Try it:
Only the lines from the one containing "Jane & Delancey" to the end of the records belong in the answer; repeat them exactly and drop the pictures.

*** Opening Records ***

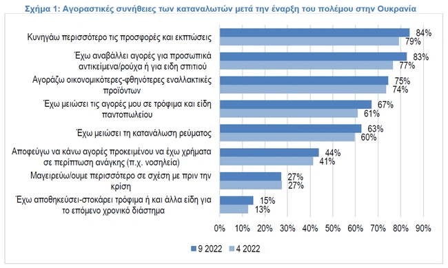 Το συμπέρασμα αυτό προκύπτει, μεταξύ άλλων, από έρευνα που πραγματοποίησε την εβδομάδα 29 Αυγούστου έως 2 Σεπτεμβρίου 2022 το Ινστιτούτο Έρευνας Λιανεμπορίου Καταναλωτικών Αγαθών (ΙΕΛΚΑ) με δείγμα 1.000 καταναλωτές.
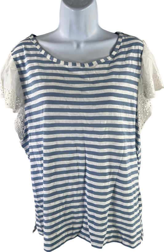 Jane & Delancey Women’s Blue Striped Cap Sleeve Shirt - L
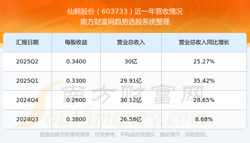 仙鶴股份(603733)披露2025年第二季度報(bào)告,報(bào)告期實(shí)現(xiàn)營(yíng)收30億元,同比25.27%;歸母凈利潤(rùn)2.38億元,同比-15.39%;扣非凈利潤(rùn)2.19億元,同比-16.38%。
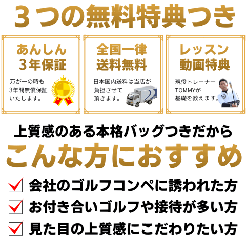 番手 1W 3W 7U 7I 8I 9I PW SW PT ロフト(°) 10.5 15 24 35 39 43 47 56 - 長さ(インチ) 45 43 39 37 36.5 36 35.5 35.25 34 総重量(g) 310 350 370 430 440 447 455 455 515 硬さ MEN's FLEX(SR相当)のみ 素材 ジュラルミン ステンレス アルミ合金 シャフト オリジナルカーボン スチール ヘッドカバー あり なし あり キャディバック バック重量約2.9kg / フード・ネームプレート付属 ※スペック表数値は参考値となりますので、実際の商品とは多少の誤差が生じる場合がございます(誤差±2)
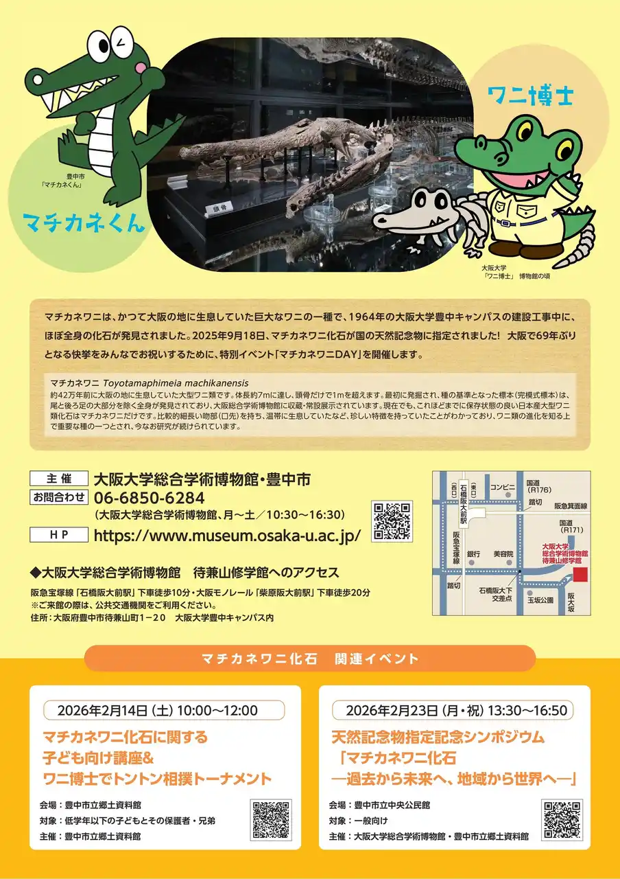 豊中市は、大阪大学総合学術博物館と連携し、「マチカネワニ化石」が国の天然記念物に指定されたことを記念した特別イベントを2月に開催します。これは大阪で69年ぶりの快挙を祝うもので、親子向けの体験イベントや専門家によるシンポジウムなど、学びと楽しさを兼ね備えた内容です。 |
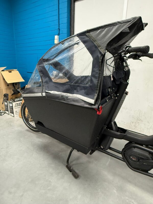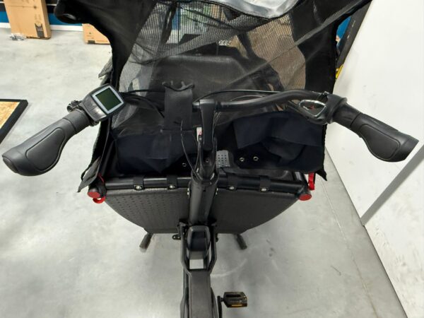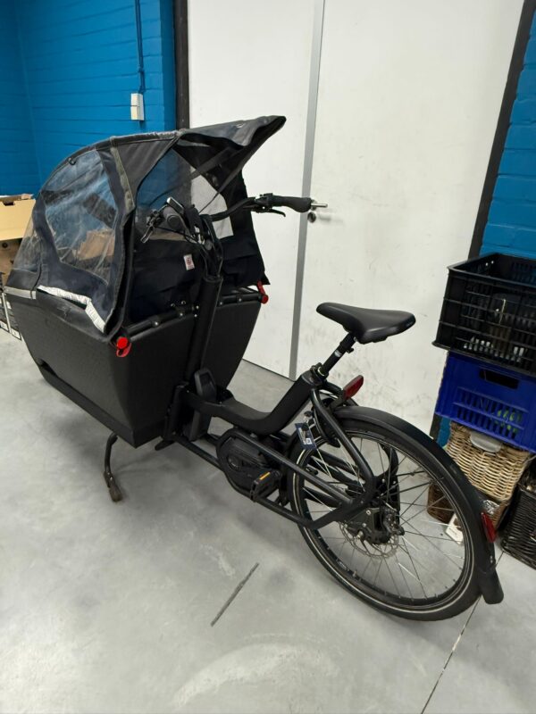 Deze Urban Arrow Family Cargo heeft de sterkste motor van het Family segment. De bak is gemaakt van EPP piepschuim, extra licht en extra veilig. Hij heeft ongeveer 12000 km gereden. Een half jaar garantie op alle elektronische onderdelen. 500 Wh accu waar je zeker 50 tot 70 km mee fietsen kunt. Inclusief Regenhuif Plus.

*** Closing Records ***

Task result:
 Jane & Delancey Women’s Blue Striped Cap Sleeve Shirt - L
 仙鶴股份(603733)披露2025年第二季度報(bào)告,報(bào)告期實(shí)現(xiàn)營(yíng)收30億元,同比25.27%;歸母凈利潤(rùn)2.38億元,同比-15.39%;扣非凈利潤(rùn)2.19億元,同比-16.38%。
 番手 1W 3W 7U 7I 8I 9I PW SW PT ロフト(°) 10.5 15 24 35 39 43 47 56 - 長さ(インチ) 45 43 39 37 36.5 36 35.5 35.25 34 総重量(g) 310 350 370 430 440 447 455 455 515 硬さ MEN's FLEX(SR相当)のみ 素材 ジュラルミン ステンレス アルミ合金 シャフト オリジナルカーボン スチール ヘッドカバー あり なし あり キャディバック バック重量約2.9kg / フード・ネームプレート付属 ※スペック表数値は参考値となりますので、実際の商品とは多少の誤差が生じる場合がございます(誤差±2)
 豊中市は、大阪大学総合学術博物館と連携し、「マチカネワニ化石」が国の天然記念物に指定されたことを記念した特別イベントを2月に開催します。これは大阪で69年ぶりの快挙を祝うもので、親子向けの体験イベントや専門家によるシンポジウムなど、学びと楽しさを兼ね備えた内容です。 |
 Deze Urban Arrow Family Cargo heeft de sterkste motor van het Family segment. De bak is gemaakt van EPP piepschuim, extra licht en extra veilig. Hij heeft ongeveer 12000 km gereden. Een half jaar garantie op alle elektronische onderdelen. 500 Wh accu waar je zeker 50 tot 70 km mee fietsen kunt. Inclusief Regenhuif Plus.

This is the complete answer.